# Stride

> Source: https://aiwiki.ai/wiki/stride
> Updated: 2026-06-23
> Categories: Computer Vision, Deep Learning, Machine Learning
> From AI Wiki (https://aiwiki.ai), a free encyclopedia of artificial intelligence. Quote with attribution.

**Stride** is the step size by which a filter (or pooling window) moves across the input in a [convolutional neural network](/wiki/convolutional_neural_network) (CNN): a stride of 1 shifts the filter one position at a time and visits every location, while a stride greater than 1 skips positions and downsamples the output. Stride is the hyperparameter that, together with kernel size and [padding](/wiki/padding), determines the spatial dimensions of the output [feature map](/wiki/feature), and it directly trades spatial resolution against computational cost. The textbook "Dive into Deep Learning" defines it concisely as "the number of rows and columns traversed per slide." [7]

Stride applies to both the [convolution](/wiki/convolution) operation and to [pooling](/wiki/pooling). It plays a central role in balancing computational efficiency, spatial resolution, and the network's ability to capture patterns at different scales. [9]

## What does stride do in a convolutional layer?

In the context of a [convolutional layer](/wiki/convolutional_layer), a filter (also called a [kernel](/wiki/kernel)) slides over the input data to compute dot products at each position. The stride specifies the number of positions the filter shifts between successive applications. A stride of 1 means the filter moves one pixel at a time, covering every possible position. A stride of 2 means the filter jumps two pixels at each step, skipping every other position. [7]

Stride can be specified as a single integer (applied equally in both the horizontal and vertical directions) or as a tuple such as (2, 2) or (1, 2) to allow different stride values along each spatial dimension. Most frameworks default to a stride of 1 when no value is explicitly provided. [10]

### Visual Intuition

Consider a 7x7 input with a 3x3 filter. With stride 1, the filter can be placed at 5 positions along each axis, producing a 5x5 output. With stride 2, the filter lands at positions 0, 2, and 4 along each axis, producing a 3x3 output. The larger stride reduces the output size because the filter visits fewer positions.

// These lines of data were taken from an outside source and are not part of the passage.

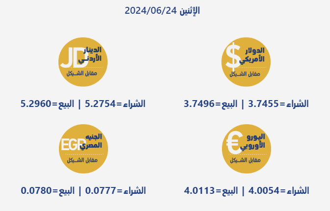 رام الله 24-6-2024 وفا- جاءت أسعار صرف العملات مقابل الشيقل الإسرائيلي، اليوم الإثنين، بحسب سلطة النقد الفلسطينية، على النحو التالي: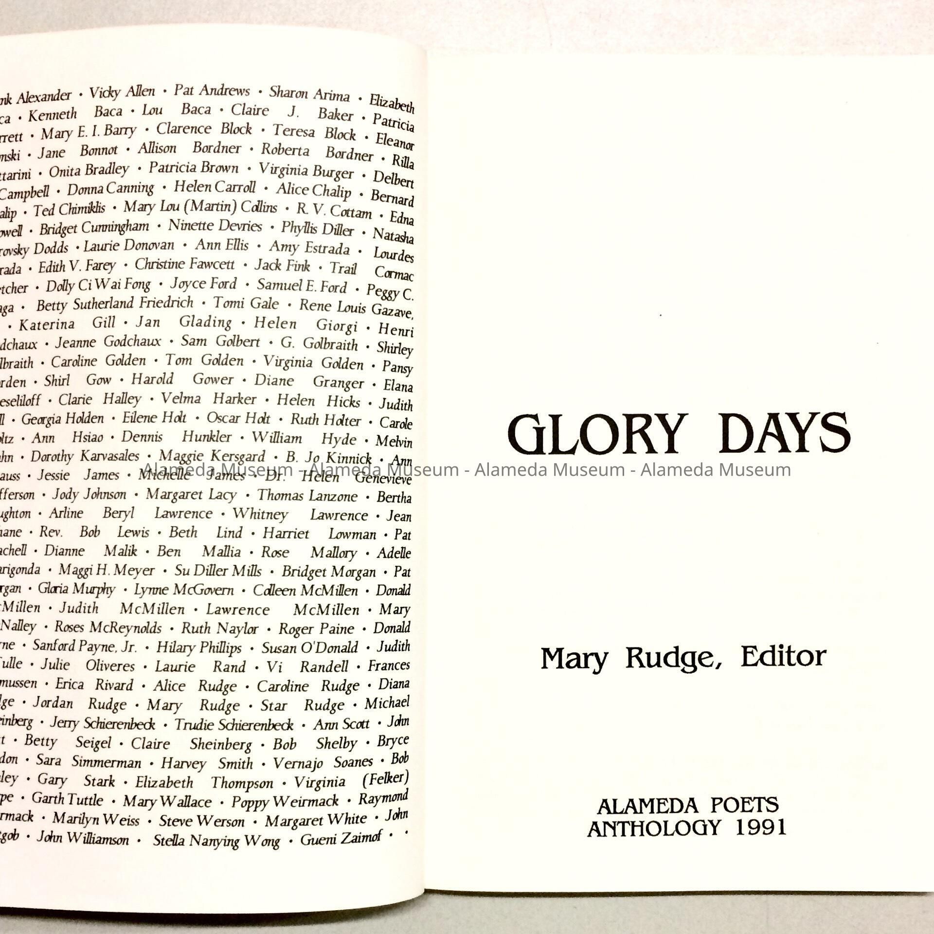 'Glory Days', 8th anthology issued by the Alameda Poets, 1991Entry/Object ID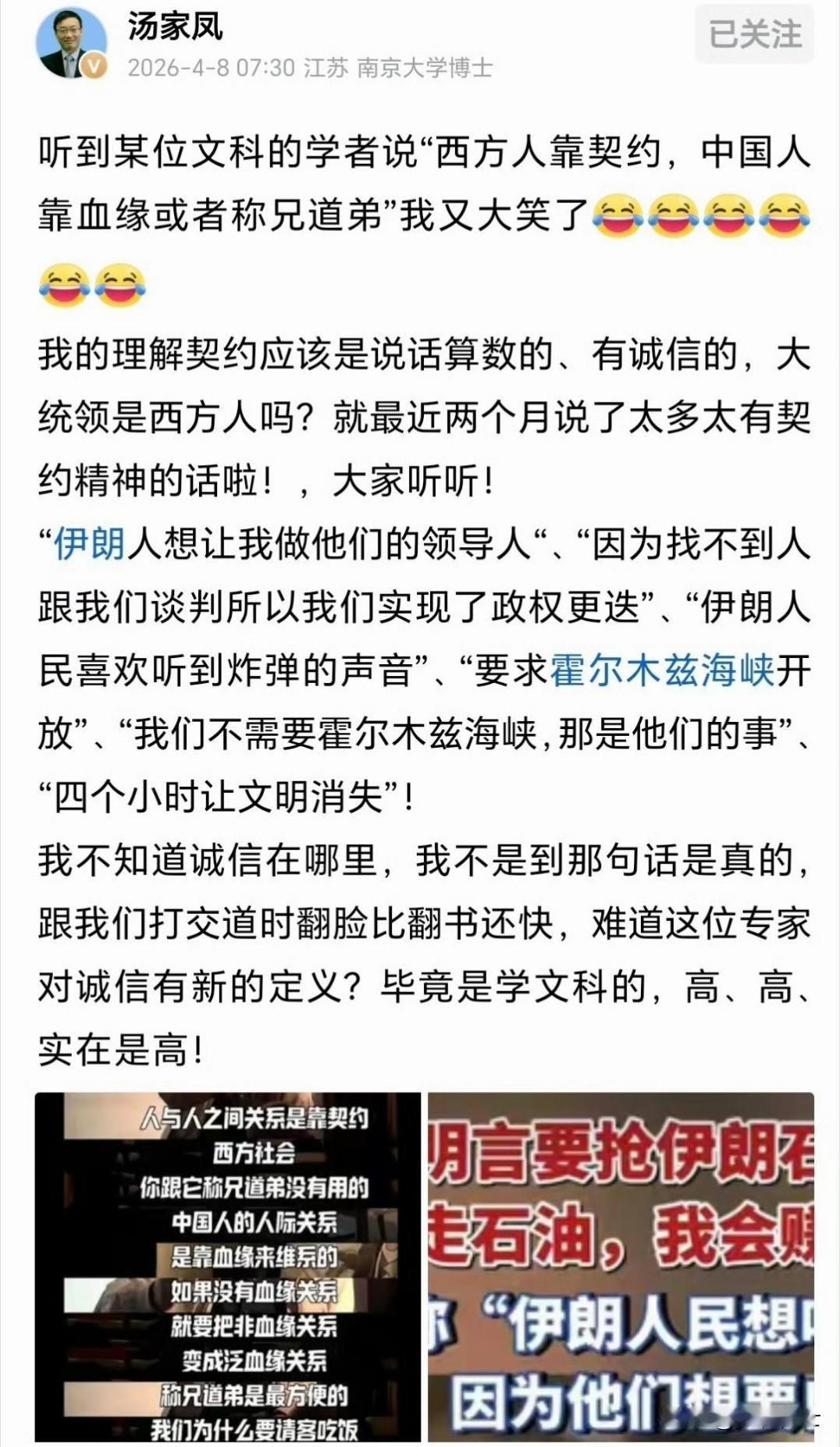 比如,汤家凤反驳易中天的言论,“西方靠契约精神,中国人只注重血缘关系或者称兄道弟”,西方的概念很大,易中天说的西方是指哪国呢?中国地域这么大,他说的中国又指哪里呢?

## How is output size calculated from stride?

The relationship between stride and output dimensions is governed by a well-known formula. For a single spatial dimension, the output size is:

**O = floor((W - K + 2P) / S) + 1**

Where:

| Symbol | Meaning |
|--------|---------|
| W | Input size (width or height) |
| K | [Kernel](/wiki/kernel) size |
| P | [Padding](/wiki/padding) amount |
| S | Stride |
| O | Output size |

For two-dimensional inputs, the formula is applied independently to each spatial dimension: [7]

- **W_out = floor((W_in - K_w + 2 * P_w) / S_w) + 1**
- **H_out = floor((H_in - K_h + 2 * P_h) / S_h) + 1**

When [dilation](/wiki/dilation) is used, the formula generalizes to: [3]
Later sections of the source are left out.